Der Begriff Mudra bedeutet im Sanskrit Siegel. Mudras sind kraftvolle Handgesten, denen gesundheitsfördernde Wirkungen zugeschrieben werden. Die Fingerhaltungen haben Einfluss auf Körperenergien und Stimmungen.

Im heutigen Verständnis sind Mudras:

  1. Choreografische Gesten des asiatischen Tanztheaters.
  2. Rituelle Gesten im Gottesdienst hinduistischer und buddhistischer Priester.
  3. Gesundheitsfördernde Haltungen in den asiatischen Heilkunden sowie in verschiedenen Formen des Yoga.

Die bekanntesten Mudras sind die Fingerhaltungen, die während der Meditation eingenommen und idealerweise für mindestens 15 Minuten gehalten werden. Dazu sitzt man am besten im Lotus- oder Schneidersitz und legt die Hände auf den Knien ab. Für einige Mudras werden die Hände auch in den Schoß oder vor das Herz gelegt. Mudras werden mit beiden Händen eingenommen um eine stärkere Wirkung zu entfalten.
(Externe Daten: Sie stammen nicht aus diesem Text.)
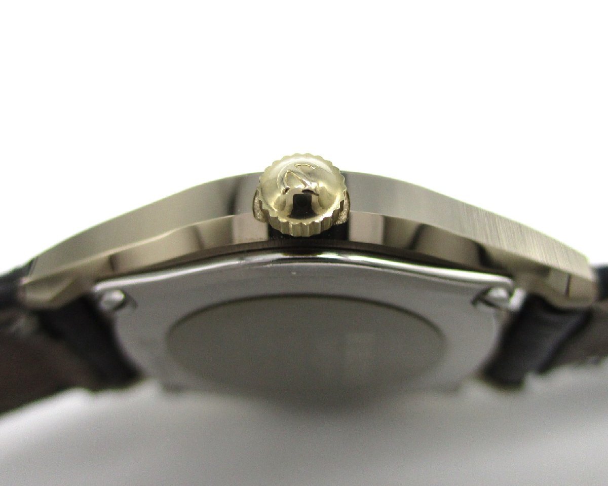 RADO ラドー ダイヤスター レディース・クォーツ 【型番】153.0406.3 【およそのサイズ】ケース径:23mm 腕周り:~16.5cm 【状態】本体:ガラスは無傷、文字盤に汚れは見られません。他部も特に傷感は見られません。 ベルト部:純正です。革部は中程度の使用感があり、ご使用に差し支えるようなダメージはありません。 クォーツ時計の入っている電池はモニター電池扱いでお願いいたします。発送までに止まった場合は電池交換後、発送いたしますが、その後の電池切れの際は、落札者様御自身でメーカーもしくは一般店に電池交換にお出しください。 【付属品】箱・保証書等は無く、時計のみです。 | ||||

Mudras dienen ursprünglich dazu Prana (Lebensenergie) aufsteigen zu lassen und darüber Mukti (Befreiung) zu erlangen. In den alten Quellen wird davon gesprochen, dass man durch das Üben von Mudras übernatürliche Kräfte wecken und körperliche Krankheiten und Leiden überwinden kann.

Mudras eignen sich sehr gut für die Yogapraxis und können in Verbindung mit verschiednen Asanas, Pranayama oder Kirtan eingenommen werden.

 

Welche Mudras gibt es und welche Wirkung haben sie?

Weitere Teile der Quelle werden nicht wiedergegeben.